2020 MINI John Cooper Works GP launched – hot two-seater F56 with 306 PS, just 10 units in M'sia, RM377k – paultan.org
Aside from the MINI Cooper SE, BMW Group Malaysia has also launched the new MINI John Cooper Works GP. In stark contrast to its pure electric sibling, the GP takes Oxford’s internal combustion engine to the absolute zenith, becoming the hottest, most hardcore MINI you can buy.
It’s also the most expensive MINI you can buy – it’s priced at RM388,888 on-the-road without insurance, and with the sales and service tax (SST) rebate, this figure drops to RM377,491. The GP is limited to 3,000 units worldwide and Malaysia gets an allocation of just ten.
The secret to the GP’s cili padi performance lies under the bonnet. Here, you’ll find BMW’s most potent four-cylinder ever built – an extensively modified B48 2.0 litre turbocharged engine also found in the Clubman and Countryman JCW, along with some BMW M Performance models. It gets a reinforced crankshaft, new pistons, bushless connecting rods and a new torsional vibration damper with optimised cooling.
On top of that, there’s a new turbocharger with a blow-off valve, integrated into the exhaust manifold. The direct fuel injectors are also more precise and have an increased flow rate, while the larger oil sump has been reshaped. Last but not least, the cooling system gets twin coolant coolers, a bigger expansion tank, a unique coolant storage module and a more powerful electric fan to cope with the increased outputs. All in all, this engine kicks out 306 PS from 5,000 to 6,250 rpm and 450 Nm of torque from 1,750 to 4,500 rpm.
Sadly for purists, you can no longer get the GP with a manual gearbox, the F56 version being only available with an eight-speed automatic transmission (incorporating a Torsen mechanical limited-slip differential). Still, the performance figures – which include a zero-to-100 km/h sprint time of 5.2 seconds and an unrestrained top speed of 265 km/h – should be enough recompense. A specially-designed exhaust system, fitted with twin brushed stainless steel tailpipes, adds some aural drama.
That’s just the start – to save weight, the GP, just like its predecessors, is only available as a two-seater. It also comes with a whole host of chassis tweaks, such as stiffer engine mounts, a front strut tower brace and a massive rear brace that takes the place of the rear seats.
Going hand-in-hand with the increased body rigidity is the retuned suspension. For a start, the track widths have been increased for the first time on the GP, necessitating the fitment of wider fenders to clear the 18-inch forged alloy wheels. Those alloys weigh less than nine kilograms apiece and come in a distinctive eight-spoke design, shod with 225/35 R18 tyres.
The car also rides 10 mm lower than standard and gets revised springs, auxiliary springs, dampers and anti-roll bars, and increased negative camber. Elsewhere, there are preloaded anti-roll bar bushings, stiffer rubber bearings and boll-jointed rear wishbones, along with upgraded brakes with four-piston front callipers and 380 mm front discs. The stability control system also has a GP mode with more lenient intervention.

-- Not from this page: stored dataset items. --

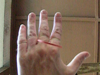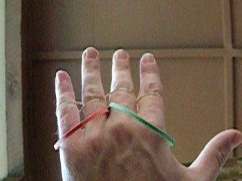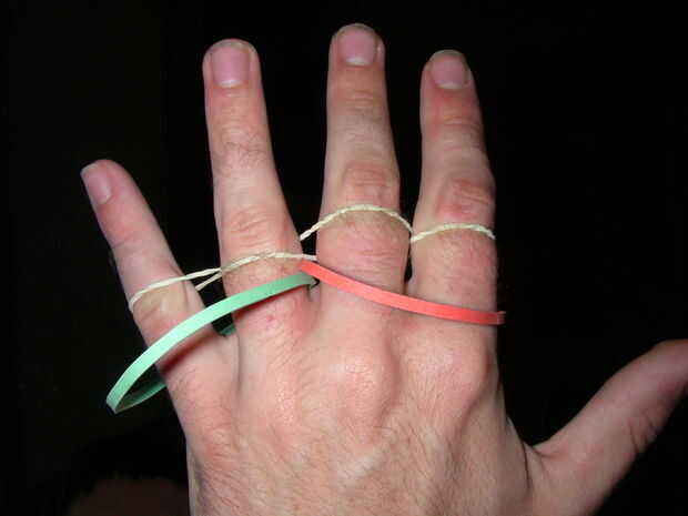 Para el toque final, girar una tercera banda de goma alrededor de cada uno de los cuatro dedos. Funciona mejor si la goma está por debajo del nudillo más bajo. Así, la banda de goma es siempre en vista, hacen un puño. Explicar a la audiencia cómo las gomas quedan atrapadas por debajo de esta banda de goma y cómo no es posible que podrían dejar los dedos que están en. Vaya a proceder con el truco como se describió anteriormente y básicamente ignorar la tercer banda de goma. Debería funcionar exactamente igual.
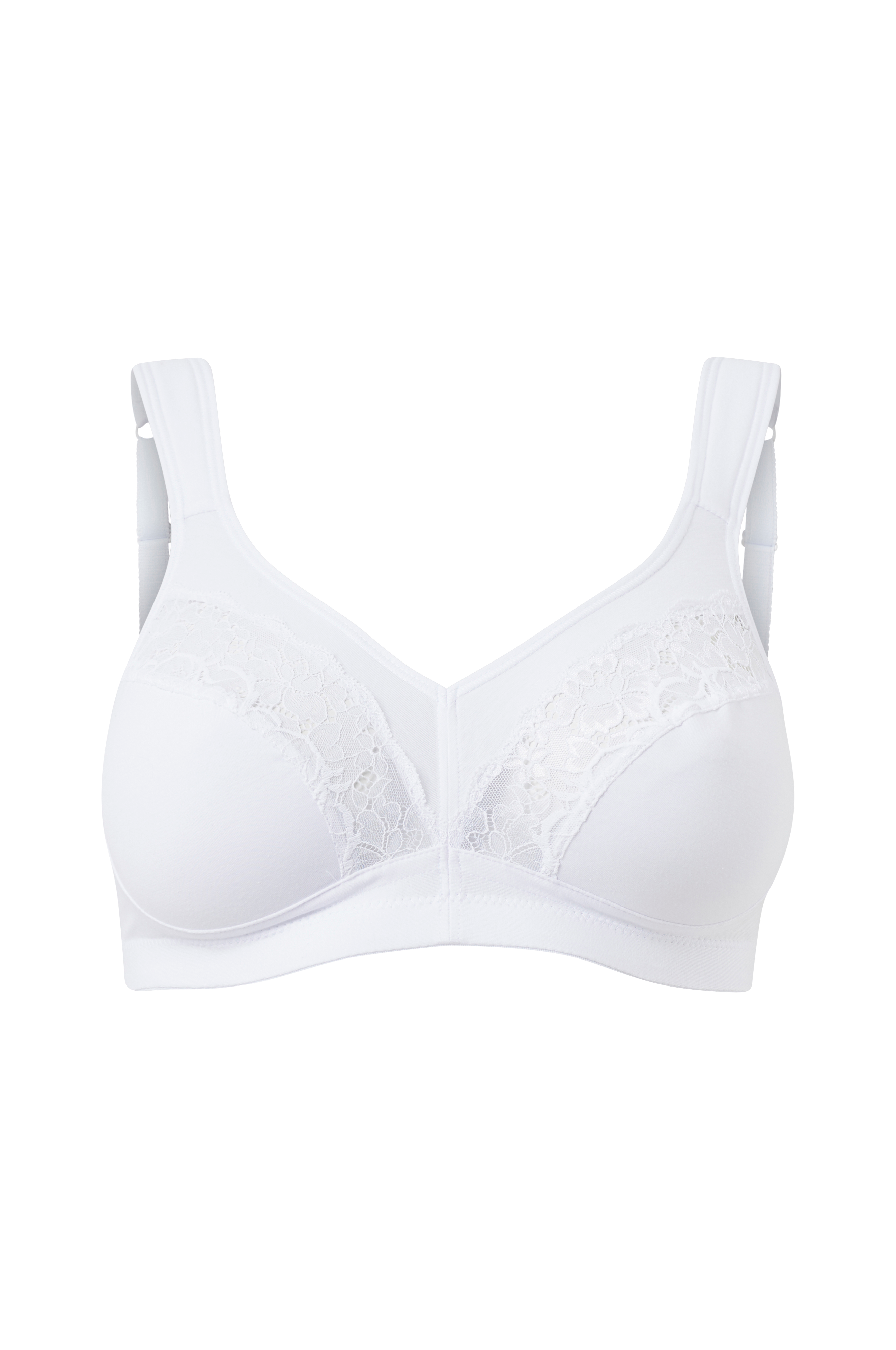 Pehmeät Swegmarks Sensible -rintaliivit. Muotoillut kupit, joissa pehmeä upotettu pitsi ylhäällä. Alareunassa leveä kuminauha, jossa pehmeä sisäpinta. Leveät, topatut olkaimet.
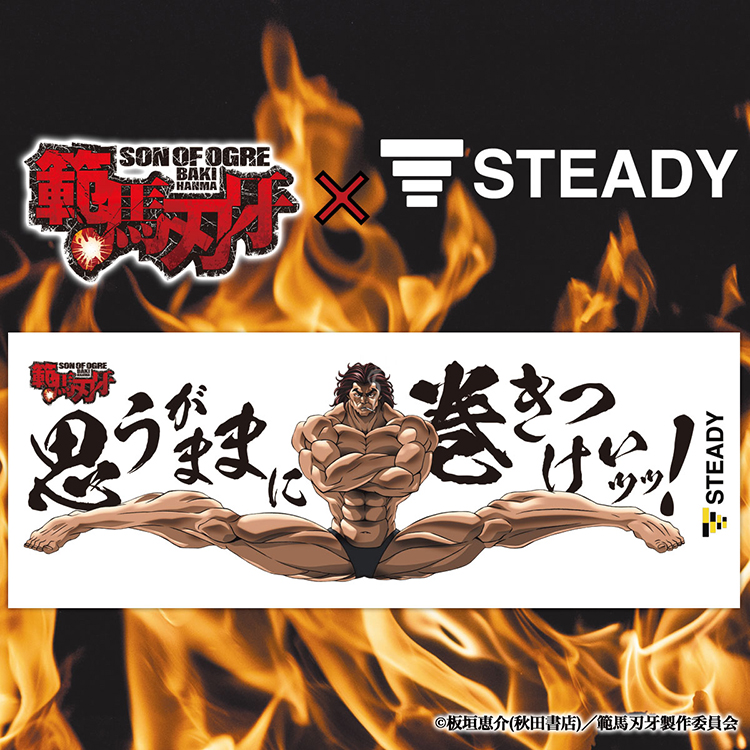 アニメ「範馬刃牙」×STEADY コラボによる「範馬勇次郎オリジナルタオル」。オリジナルタオルには範馬勇次郎の大胆な開脚がプリントされており、飾っても良し、汗を拭うも良しのファン必携アイテム。
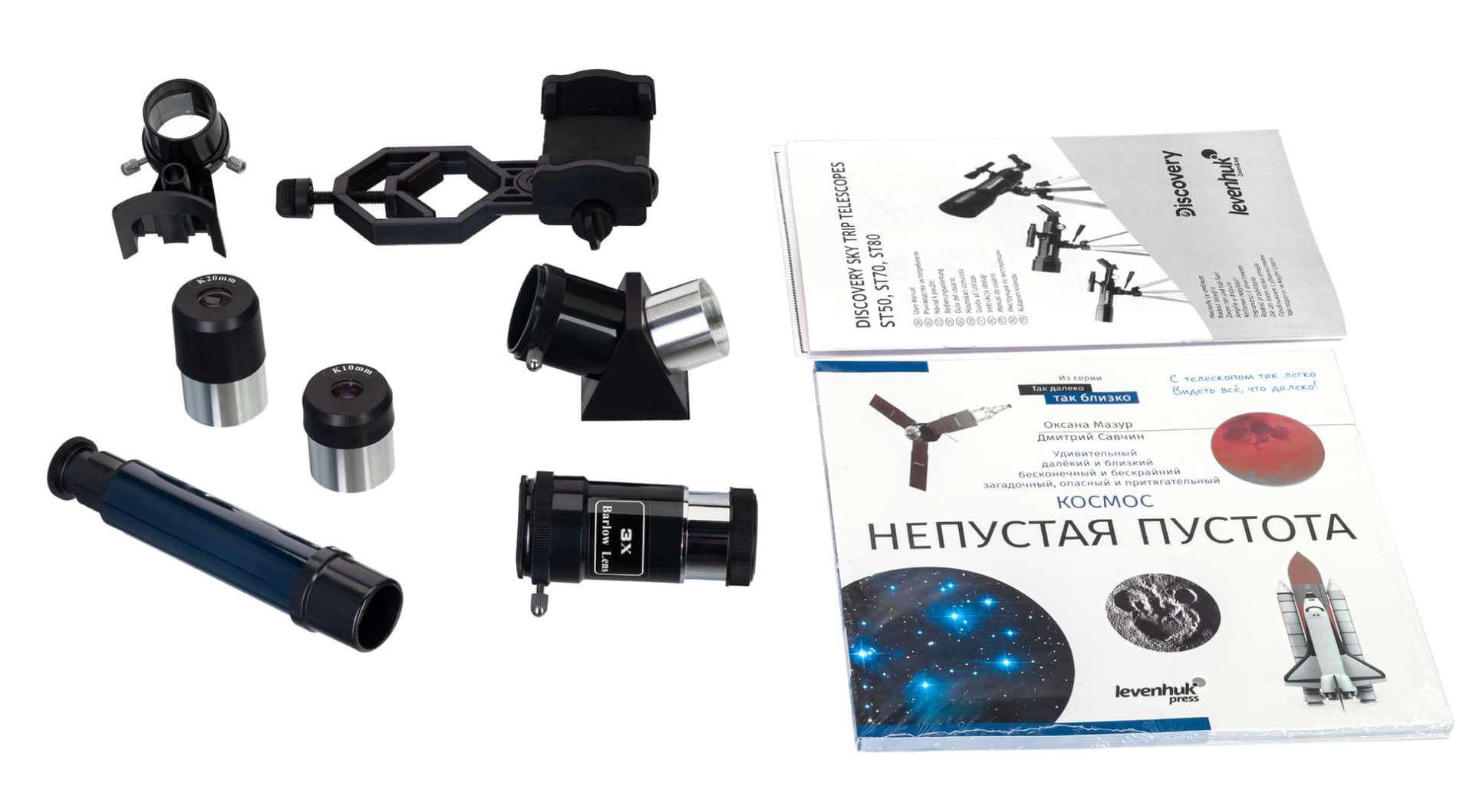 Il Levenhuk Discovery Sky Trip ST70 è facile da adoperare: il tubo ottico è installato su una montatura altazimutale che ne consente il movimento verso l’alto, il basso, verso destra e verso sinistra. Il telescopio è dotato di molti accessori: una lente di Barlow, oculari di diversa lunghezza focale, un cercatore ottico, un diagonale prismatico e un adattatore per smartphone. È possibile regolare l’ingrandimento per esplorare la bellezza dello spazio e scattare foto per catturare i risultati delle osservazioni. Un treppiede in alluminio ad altezza regolabile si adatta facilmente all’altezza di ogni utente.
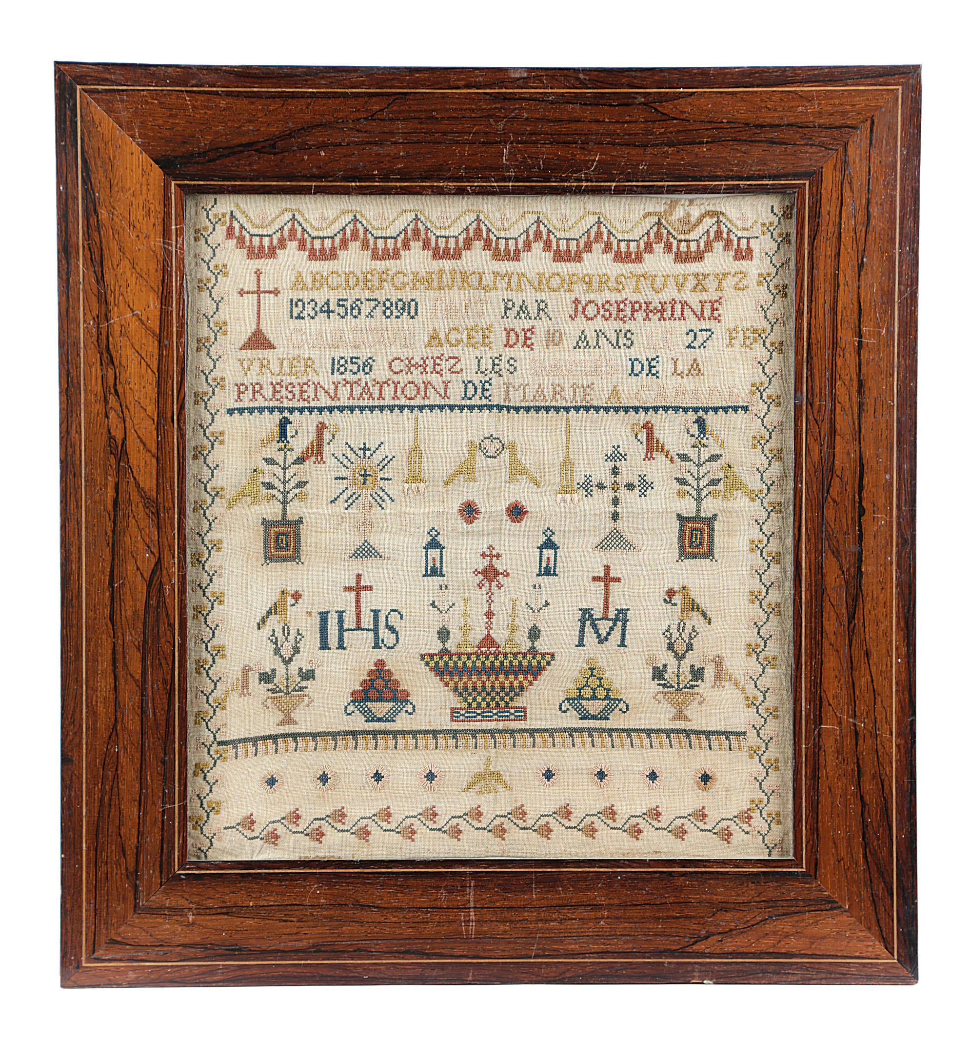 worked with coloured silks and wool on a linen ground, with an alphabet, numerals, birds, urns of flowers, bowls of fruit, an altarpiece and the Christogram 'IHS' and signed and dated 'Fait par Josephine Carigut agee de 10 ans il 27 Fevrier 1856 chez les dames de la presentation de Marie a Caranne', in a glazed rosewood frame
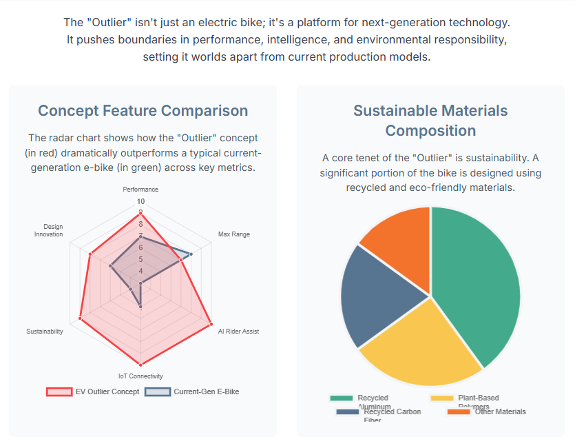 The aesthetic quality of the EV Outlier is a direct manifestation of its electromechanical structure. The placement of the motors in the wheel hubs allows for the low aero profile and futuristic stance that clearly distinguishes it from current motorcycle designs.4 The design philosophy sought to express a “gliding, light image” through smooth surfaces, while simultaneously exposing the unique mechanical components that are exclusive to the electric architecture.16
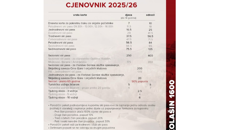 Cijene ski pasova na skijalištu Kolašin 1600 (sezona 2025/2026)
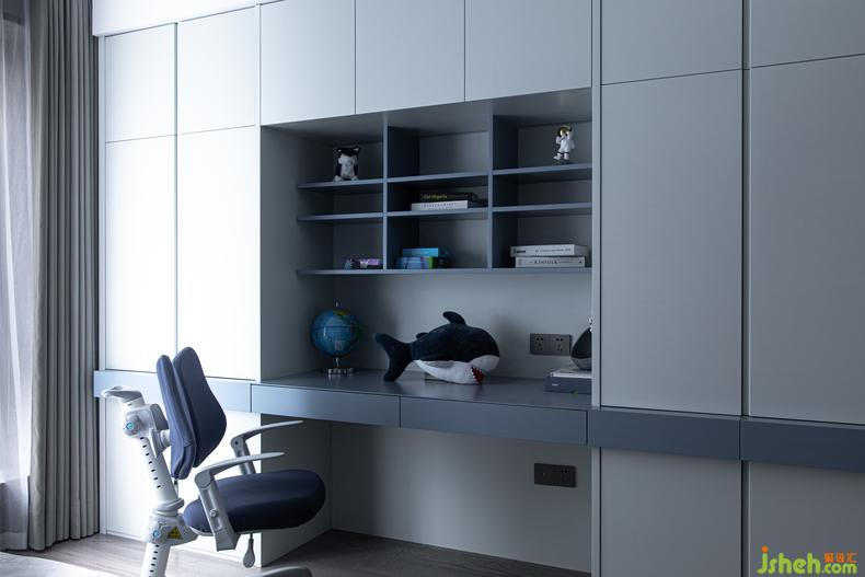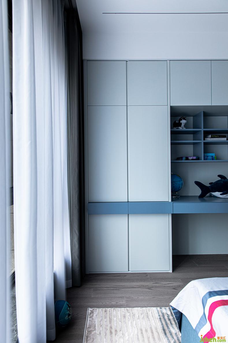 在不破壞沉靜底色的情況下,次臥的兒童房選擇了海藍(lán)色。設(shè)計(jì)師特別控制了藍(lán)色的飽和度與明度,點(diǎn)綴的尺寸也把握得恰到好處,既制造了令人驚喜的效果,契合孩童的天性,又不致過(guò)于脫離全屋的風(fēng)格屬性,空間與空間依然和諧共生。
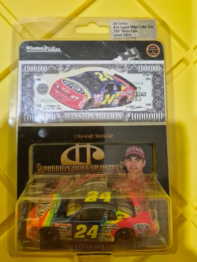 Add a piece of racing history to your collection with this Jeff Gordon #24 Winston Million Dollar Date 1997 Monte Carlo 1:64 scale diecast car! This collectible is still sealed in its original packaging, never opened, making it a pristine find for any NASCAR enthusiast. Own a miniature of the iconic #24 car that once raced around the tracks. Scale: 1:64, Car: #24 Jeff Gordon Winston Million Dollar Date Monte Carlo, Year: 1997, Condition: New, still sealed in original packaging. If you're reading this, the car is still available, waiting for its new home on your display shelf.
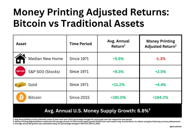 'āærrr⦠only one asset outruns the printer. Since 1971, most assets have barely outpaced 6.8% annual money supply growth. The median U.S. house failed entirely to keep up with U.S. dollar debasement. āæitcoin delivers real wealth preservation and generation.'
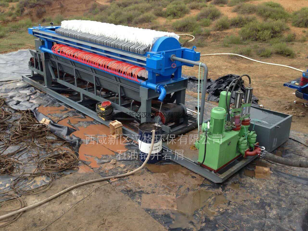 運行情況:該項目使用YB250-30液壓柱塞泥漿泵5臺,XYZG300-125壓濾機5臺,日處理打樁污水污泥2000噸,打樁污水污泥經(jīng)過振動篩過濾將5毫米以上碎石和雜質(zhì)除掉,然后加藥沉淀,沉淀后污泥經(jīng)過柱塞泥漿泵進(jìn)入壓濾機過濾,過濾壓力10公斤經(jīng)過30分鐘過濾,濾餅含水率達(dá)到20-25%左右,泥餅成型即可卸料。
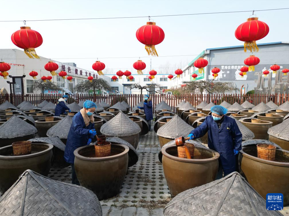 在山东省滕州市的传统酱油酿造基地,数百口酱缸在冬日暖阳下整齐列阵,酿酱工人手持工具娴熟翻晒,琥珀色的酱汁在陶缸中泛起细腻涟漪。

Setting the GP apart from lesser models visually are the aggressive aerodynamics, consisting of a unique front air dam design, a larger front splitter, a beefier rear diffuser and a massive bi-plane rear wing. The boxy wheel arch extensions are made of carbon fibre and not only hide the wider track but also optimise the flow of air. The numbering of the limited series is applied to the front wings using a new paint transfer process.
Inside, you’ll find JCW sports seats with integrated headrests, stainless steel pedals and a unique three-spoke steering wheel with a 3D-printed metal 12 o’clock marker. The passenger-side trim panel, which bears the serial number, is also 3D-printed, while the instrument cluster is a 6.5-inch digital display much like the Cooper SE, with unique graphics and displays.
Just one colour combination is available for the GP – Racing Grey with a Melting Silver roof and door mirrors, gloss black exterior trim and red side stripes and highlights. Inside, you’ll find leather and Dinamica microfibre upholstery, red GP logos and the gloss red rear brace.
Standard equipment includes LED headlights, Union Jack LED tail lights, toggle-switch start (no keyless entry, unfortunately), cruise control, dual-zone automatic climate control, the MINI Visual Boost navigation system with an 8.8-inch touchscreen, Apple CarPlay compatibility and Qi wireless smartphone charging. Safety-wise, there are six airbags and stability control; unfortunately, unlike the Cooper SE, the GP does not come with autonomous emergency braking, but we understand that this is the case globally as well.